ASSIGNED TASK :: After finding the line that contains "Безбожники вынесли из" in the entries below, retype it and every following line precisely, the last included.

Records from a data source:
----
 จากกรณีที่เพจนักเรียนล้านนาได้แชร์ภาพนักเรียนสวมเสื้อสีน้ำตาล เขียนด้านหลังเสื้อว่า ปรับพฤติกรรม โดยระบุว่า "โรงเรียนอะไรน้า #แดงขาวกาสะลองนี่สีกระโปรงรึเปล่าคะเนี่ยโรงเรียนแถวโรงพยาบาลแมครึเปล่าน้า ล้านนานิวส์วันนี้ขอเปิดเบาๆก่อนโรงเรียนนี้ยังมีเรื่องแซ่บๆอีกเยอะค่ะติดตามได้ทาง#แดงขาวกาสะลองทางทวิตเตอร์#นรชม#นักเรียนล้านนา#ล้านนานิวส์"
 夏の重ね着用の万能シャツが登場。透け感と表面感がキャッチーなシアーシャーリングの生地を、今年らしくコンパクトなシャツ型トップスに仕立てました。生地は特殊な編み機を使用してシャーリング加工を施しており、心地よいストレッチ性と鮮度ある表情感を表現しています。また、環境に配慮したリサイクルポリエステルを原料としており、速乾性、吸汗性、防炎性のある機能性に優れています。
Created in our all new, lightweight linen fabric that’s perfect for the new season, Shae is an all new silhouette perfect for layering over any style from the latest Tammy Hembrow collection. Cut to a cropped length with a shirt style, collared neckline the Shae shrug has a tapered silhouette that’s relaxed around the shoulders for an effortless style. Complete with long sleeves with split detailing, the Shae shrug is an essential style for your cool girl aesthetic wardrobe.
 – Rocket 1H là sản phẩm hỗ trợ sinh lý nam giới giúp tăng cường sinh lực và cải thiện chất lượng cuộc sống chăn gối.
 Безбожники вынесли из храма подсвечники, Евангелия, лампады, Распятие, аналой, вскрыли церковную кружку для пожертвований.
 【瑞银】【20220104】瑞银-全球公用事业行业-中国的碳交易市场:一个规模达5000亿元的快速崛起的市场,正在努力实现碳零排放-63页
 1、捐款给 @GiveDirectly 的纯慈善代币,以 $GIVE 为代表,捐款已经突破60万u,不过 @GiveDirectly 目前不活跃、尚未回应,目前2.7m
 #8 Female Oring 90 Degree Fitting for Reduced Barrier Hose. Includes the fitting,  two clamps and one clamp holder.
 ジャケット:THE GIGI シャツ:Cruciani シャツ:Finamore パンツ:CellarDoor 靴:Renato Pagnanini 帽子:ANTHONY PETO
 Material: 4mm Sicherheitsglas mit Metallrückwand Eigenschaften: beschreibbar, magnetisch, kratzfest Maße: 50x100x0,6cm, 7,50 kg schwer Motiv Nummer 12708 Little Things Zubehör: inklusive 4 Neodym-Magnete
----
REPLY TO THE EXERCISE ::
 Безбожники вынесли из храма подсвечники, Евангелия, лампады, Распятие, аналой, вскрыли церковную кружку для пожертвований.
 【瑞银】【20220104】瑞银-全球公用事业行业-中国的碳交易市场:一个规模达5000亿元的快速崛起的市场,正在努力实现碳零排放-63页
 1、捐款给 @GiveDirectly 的纯慈善代币,以 $GIVE 为代表,捐款已经突破60万u,不过 @GiveDirectly 目前不活跃、尚未回应,目前2.7m
 #8 Female Oring 90 Degree Fitting for Reduced Barrier Hose. Includes the fitting,  two clamps and one clamp holder.
 ジャケット:THE GIGI シャツ:Cruciani シャツ:Finamore パンツ:CellarDoor 靴:Renato Pagnanini 帽子:ANTHONY PETO
 Material: 4mm Sicherheitsglas mit Metallrückwand Eigenschaften: beschreibbar, magnetisch, kratzfest Maße: 50x100x0,6cm, 7,50 kg schwer Motiv Nummer 12708 Little Things Zubehör: inklusive 4 Neodym-Magnete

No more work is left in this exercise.